Pitfalls: - sync scripts (feishu_wiki_sync.py, feishu_calendar_sync.py) hardcode HOME to profile-specific paths. Copy config.json to each profile's .gbrain/ directory. - gbrain put <file> has a bug in PG engine — use gbrain put <slug> --stdin < file instead - PostgreSQL 14 is insufficient — gbrain 0.24.0 uses NULLS NOT DISTINCT (PG15+)

Verification

gbrain search "test"   # Should return results or "No results" — NOT WASM error
gbrain stats           # Should show page counts
hermes mcp list        # gbrain should show ✓ enabled
tail ~/.hermes/logs/mcp-stderr.log  # No "Aborted()" or "PGLite failed"

Pitfalls

mcp Python package missing from Hermes venv: StdioServerParameters is not defined or NameError: name 'StdioServerParameters' is not defined in tools/mcp_tool.py means the mcp SDK package is installed in system Python but NOT in Hermes's venv. Always check:

bash /home/ubuntu/.hermes/hermes-agent/venv/bin/python3 -c "from mcp import StdioServerParameters; print('OK')" # ^ if ModuleNotFoundError → fix: /home/ubuntu/.hermes/hermes-agent/venv/bin/pip install mcp

This is the most common cause of "gbrain (stdio) — failed" with no PGLite errors in stderr logs. The Hermes CLI runs from its own venv, not the system Python. The try/except around the import swallows the error silently — _MCP_AVAILABLE becomes False and MCP test/connect functions crash with NameError at runtime.

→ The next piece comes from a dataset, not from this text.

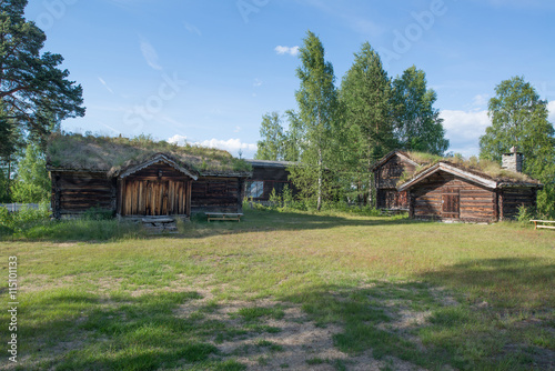 An old historic houses with grassroofs in Elverum, Norway

PGLite does NOT support concurrent writers. Only one gbrain MCP process can run at a time.
If you need to run multiple Hermes profiles with gbrain MCP, run them sequentially, not in parallel.
If you switch profiles, the previous profile's MCP process may not auto-terminate. Kill it manually before starting another.
Recovery can permanently kill the server: If PGLite WASM fails to initialize on new processes (e.g., Bun version incompatibility with host kernel), the recovery script will kill the old working server but a new one can't restart. The gbrain serve command exits immediately with PGLite failed to initialize its WASM runtime. Original error: Aborted(). The Hermes gateway does NOT auto-restart in this case. Before running recovery, verify a fresh gbrain serve works. If it doesn't, do not kill the existing process — fix the WASM issue first. See references/pglite-wasm-startup-failure.md.
Hardcoded Bun paths: /usr/local/bin/gbrain and /usr/local/bin/gbrain-mcp have absolute paths to the Bun binary. When switching Bun installations (e.g. baseline ↔ non-baseline), update both scripts with sudo sed -i or they'll keep calling the old binary.
PostgreSQL 15+ required: gbrain 0.24.0 uses NULLS NOT DISTINCT syntax. PG14 will fail with "syntax error at or near NULLS". Install PG16 from PGDG repo. See references/postgres-engine-migration.md for the full recipe.
cron tick false positive: cron_monitor.sh uses a 10s timeout for hermes cron tick. Cold-start CLI init can exceed 10s in low-traffic periods, causing spurious gateway restarts even when the ticker is healthy. See references/cron-tick-false-positive.md.
gbrain init forces PGLite when run bare: Running gbrain init without --url always goes to initPGLite(), ignoring any config.json that says "engine": "postgres". Use gbrain init --url "postgresql://..." to force PostgreSQL engine. Or gbrain init --non-interactive with DATABASE_URL env var.
gbrain put <file> drops content in PostgreSQL engine: gbrain put <slug> <file> creates the page but stores 0 chunks — content is lost. Always use gbrain put <slug> --stdin < <file> as workaround. See references/postgres-engine-gotchas.md for full details including sync-script fixes.
Sync scripts need per-profile gbrain configs: feishu_wiki_sync.py and feishu_calendar_sync.py run gbrain under profile-specific $HOME. Each profile home needs its own .gbrain/config.json. See references/postgres-engine-gotchas.md.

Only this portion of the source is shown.